I have proposed that a time limit of six to nine months could be imposed on reporting. The Tribunal could be constituted by a panel of three, including a Presidential Member, an indigenous member and a member with knowledge of the pastoral industry. Some or all of these members could be appointed to the Tribunal for a short term specifically to deal with the special inquiry.
It is pointed out that the Act permits the use of conferences under s.150 to try to resolve matters arising during an inquiry. This would provide a negotiating forum for stakeholders to enable them to reach agreed positions on particular matters such as codes of practice or the content and operation of statutory access clauses.
It is of course a matter for the Commonwealth Government as to whether it would support such an inquiry. If there is support for the concept at this conference it would no doubt be helpful if the Government could be so informed.
If is of great importance that on these issues, Australia's response is systematic, orderly, expeditious and, so far as justice is achievable, a just response.
There are, of course, other questions which have to be addressed. The scope of the debate about the right to negotiate is not widened by the Wik judgment. The essential issues remain the same. Their application is perhaps wider than some had hoped. There is here, a real issue for indigenous people about the legitimacy of claims brought by individuals without consulting their communities or groups within communities against each other. In this respect the role of Representative Bodies and the validation of claims by reference to the informed consent of all native title holders will be of critical significance.

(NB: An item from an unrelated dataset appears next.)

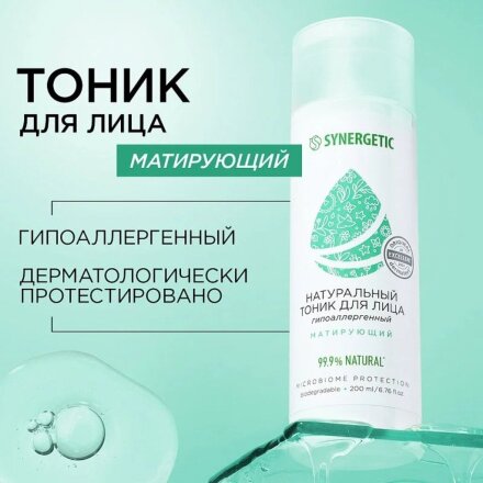 Тоник для лица Synergetic, Матирующий, 200 мл

The validation of now doubtful tenements is also a matter which must be considered by all parties. While native title holders may well regard the question marks over leases granted outside the Act processes since 1994 as Government reaping what it has sown there are many private individuals or groups involved whose concerns and interests are a political reality that must be faced.
The process of necessary amendment to the Native Title Act has not been made any easier by the Wik decision. On all sides there needs to be flexibility, openness and real dialogue.
The process of discussion that occurred under the umbrella of the Reconciliation Council last year showed that much can be achieved. A process of inquiry, dialogue and negotiation with respect to pastoral leases can also, in my opinion, achieve much needed calming of the debate and a greater prospect of legitimacy for its outcomes both domestically and internationally.